Born in Calgary, Alberta, McCarthy attended the Ontario College of Art from 1926–1930 where she was awarded various scholarships and prizes. She became a teacher shortly thereafter and taught most frequently at Central Technical School in downtown Toronto from 1932 until she retired in 1972. She spent most of her life living and working in Scarborough, Ontario though she travelled abroad extensively and painted the landscapes of various countries including: Costa Rica, Spain, Italy, Japan, India, England and Ireland. McCarthy was probably best-known for her Canadian landscapes and her depictions of Arctic icebergs.

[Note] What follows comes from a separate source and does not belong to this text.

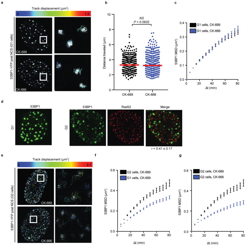 Extended Data Fig. 5. Arp2/3 enhances movement of 53BP1 foci in G2a, Representative U2OS nuclei showing 53BP1-YFP foci traces over 100 min in G1 cells b, Median cumulative distance traveled by 53BP1-YFP foci in G1 cells (P calculated by two-tailed Mann-Whitney test; CK-689 n=462 foci from 14 nuclei, CK-666 n=647 foci from 14 nuclei). ns, not significant. c, MSD of 53BP1-YFP foci in G1 cells (Data shown as mean and weighted s.e.m.; CK-689 n=926 foci from 14 nuclei, CK-666 n=1234 foci from 14 nuclei). Δt = time interval. d, A representative G1 cell is shown with 53BP1-YFP foci (left). A representative G2 cell is shown with 53BP1-YFP and Rad52-mCherry foci (right). 53BP1 foci colocalize with Rad52 foci (r = 0.41 ± 0.17, Pearson, n=5 independent experiments). e, Representative U2OS nuclei showing 53BP1-YFP foci traces over 100 min in G2 cells. f, MSD of 53BP1-YFP foci (Data shown as mean and weighted s.e.m.; G1 CK-689 n=926 foci from 14 nuclei, G2 CK-689 n=1403 from 12 nuclei). G1 CK-689 curve also shown in (c). g, MSD of 53BP1-YFP foci in G2 cells (Data shown as mean and weighted s.e.m.; CK-689 n=1403 foci from 12 nuclei, CK-666 n=1038 foci from 10 nuclei). G2 CK-689 curve also shown in (f).

McCarthy's work has been exhibited and collected extensively in Canada and abroad, in both public and private art galleries including: The National Gallery of Canada, Art Gallery of Ontario, and The Doris McCarthy Art Gallery. McCarthy also penned three autobiographies chronicling the various stages of her life: A Fool in Paradise (Toronto: MacFarlane, Walter & Ross, 1990), The Good Wine (Toronto: MacFarlane, Walter & Ross, 1991), and Ninety Years Wise (Toronto: Second Story Press, 2004). She was also the recipient of the Order of Ontario, the Order of Canada; honorary degrees from the University of Calgary, the University of Toronto, Trent University, the University of Alberta, and Nipissing University; and an honorary fellowship from the Ontario College of Art and Design. She died on November 25, 2010.